##### Given records #####
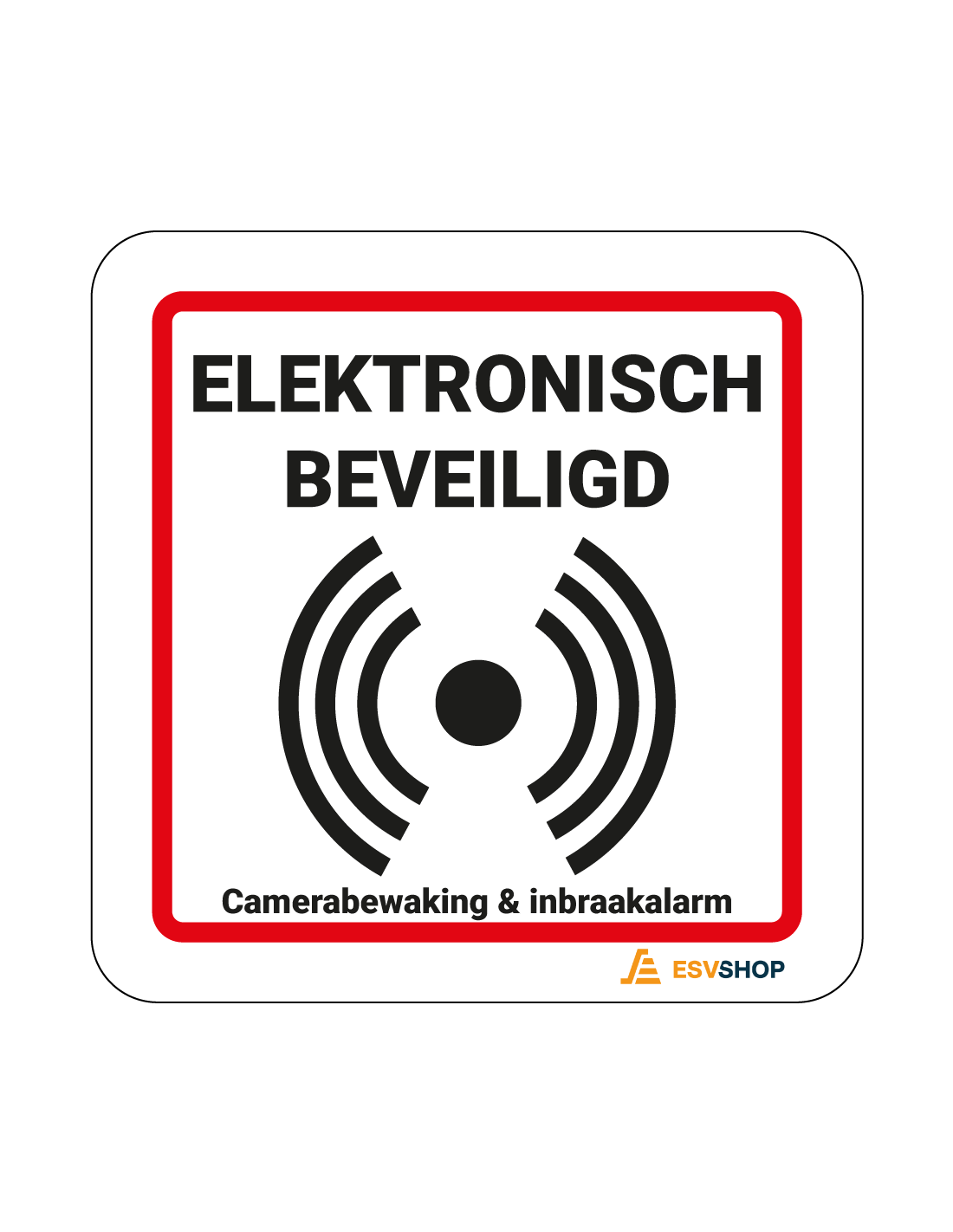 De Raamsticker elektronisch beveiligd is een vierkante raamsticker met het symbool van een alarm om aan te geven dat dit gebouw elektronisch beveiligd is. De sticker is voorzien van het alarm symbool in het zwart op een witte achtergrond. De sticker is verkrijgbaar in twee verschillende afmetingen en plak je aan de binnenzijde van het raam.
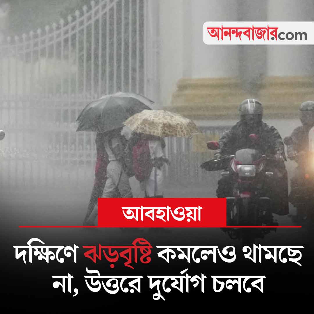 বর্ষার বৃষ্টি আপাতত থামছে না রাজ্যে। কলকাতা-সহ দক্ষিণের সব জেলাতেই বিক্ষিপ্ত ভাবে হালকা থেকে মাঝারি বৃষ্টির পূর্বাভাস রয়েছে। সেই সঙ্গে অস্বস্তি বৃদ্ধি করতে পারে ভ্যাপসা গরম। দক্ষিণবঙ্গের সব জেলায় আজ এবং সোমবার বৃষ্টির পরিমাণ কমবে। জেলাগুলির কিছু অংশে বজ্রবিদ্যুৎ-সহ দু’-এক পশলা বৃষ্টি হতে পারে। উত্তরের পাঁচ জেলা— দার্জিলিং, জলপাইগুড়ি, কালিম্পং, আলিপুরদুয়ার, কোচবিহারে আগামী মঙ্গলবার পর্যন্ত ভারী বৃষ্টির সতর্কতা জারি করা হয়েছে। রবিবার পাঁচ জেলাতেই ভারী (৭ থেকে ১১ সেন্টিমিটার) বৃষ্টির জন্য হলুদ সতর্কতা জারি করা হয়েছে।
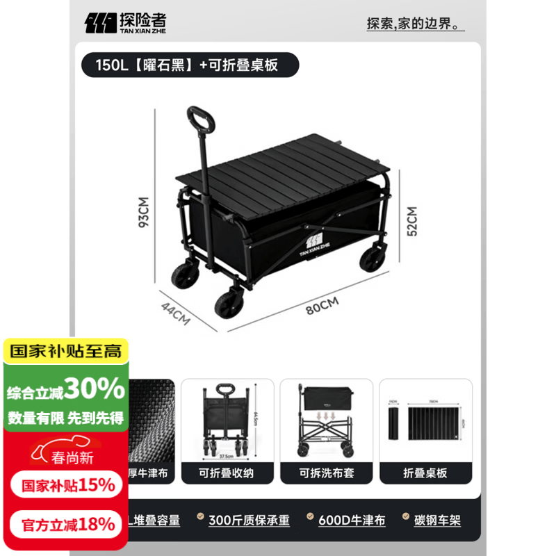 探险者(TAN XIAN ZHE)户外露营小推车折叠露营推车营地拖车野餐桌板手拉车摆摊快递车 150L 【曜石黑】+可折叠桌板
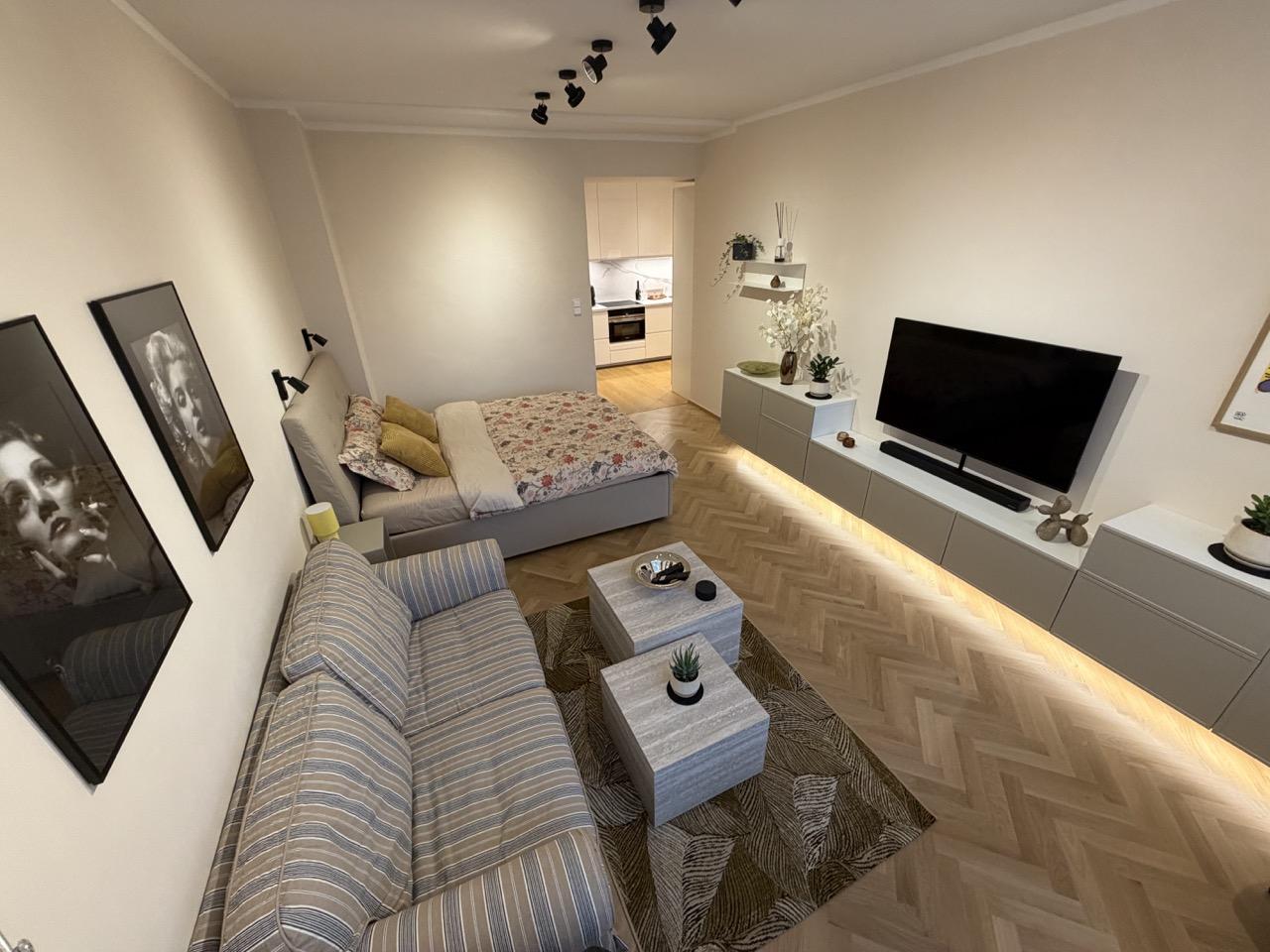 Nabízíme k pronájmu moderní byt 1+kk o velikosti 36 m v atraktivní lokalitě Praha 3 Vinohrady, ulice Šrobárova. Byt je kompletně zrekonstruovaný, s novým vybavením a designovým interiérem, ideální pro jednu osobu nebo pár. Byt je zcela nový ve všech ohledech od podlah, rozvodů a instalací až po kuchyňskou linku a vybavení. Stačí přinést kufry a okamžitě se nastěhovat. Dispozice a vybavení bytu byt 1+kk, 36 m světlý a plně zařízený interiér moderní, promyšlený design přízemí pohodlný vstup bez schodů vhodné pro 1 osobu / maximálně pár bez zvířat Podmínky pronájmu kauce ve výši 2 nájmů (možno uhradit na dvě splátky) provize 1 nájem 1. nájem + poplatky volné ihned Lokalita Praha 3, Vinohrady (Šrobárova ulice) Byt se nachází v jedné z nejžádanějších lokalit Prahy. Vinohrady jsou oblíbené pro svou kombinaci klidu, zeleně a perfektní dostupnosti do centra. V okolí najdete: zelené parky a klidné ulice ideální na procházky výbornou dopravní dostupnost metro a tramvaje (Želivského a okolní spoje) kompletní občanskou vybavenost obchody, kavárny, restaurace, lékárny rychlé spojení do centra i dalších částí Prahy Tento byt představuje ideální kombinaci moderního bydlení, komfortu a prestižní lokality. Prohlídky možné ihned neváhejte mě kontaktovat.
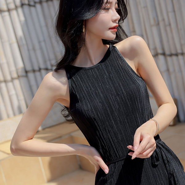 홀터넥 디자인의 플리츠 원피스
#####
- [Task details] Whatever lies between the first line of the data and the line holding "探险者(TAN XIAN ZHE)户外露营小推车折叠露营推车营地拖车野餐桌板手拉车摆摊快递车", inclusive, should be repeated exactly, apart from the pictures.

- [Exercise output]
 De Raamsticker elektronisch beveiligd is een vierkante raamsticker met het symbool van een alarm om aan te geven dat dit gebouw elektronisch beveiligd is. De sticker is voorzien van het alarm symbool in het zwart op een witte achtergrond. De sticker is verkrijgbaar in twee verschillende afmetingen en plak je aan de binnenzijde van het raam.
 বর্ষার বৃষ্টি আপাতত থামছে না রাজ্যে। কলকাতা-সহ দক্ষিণের সব জেলাতেই বিক্ষিপ্ত ভাবে হালকা থেকে মাঝারি বৃষ্টির পূর্বাভাস রয়েছে। সেই সঙ্গে অস্বস্তি বৃদ্ধি করতে পারে ভ্যাপসা গরম। দক্ষিণবঙ্গের সব জেলায় আজ এবং সোমবার বৃষ্টির পরিমাণ কমবে। জেলাগুলির কিছু অংশে বজ্রবিদ্যুৎ-সহ দু’-এক পশলা বৃষ্টি হতে পারে। উত্তরের পাঁচ জেলা— দার্জিলিং, জলপাইগুড়ি, কালিম্পং, আলিপুরদুয়ার, কোচবিহারে আগামী মঙ্গলবার পর্যন্ত ভারী বৃষ্টির সতর্কতা জারি করা হয়েছে। রবিবার পাঁচ জেলাতেই ভারী (৭ থেকে ১১ সেন্টিমিটার) বৃষ্টির জন্য হলুদ সতর্কতা জারি করা হয়েছে।
 探险者(TAN XIAN ZHE)户外露营小推车折叠露营推车营地拖车野餐桌板手拉车摆摊快递车 150L 【曜石黑】+可折叠桌板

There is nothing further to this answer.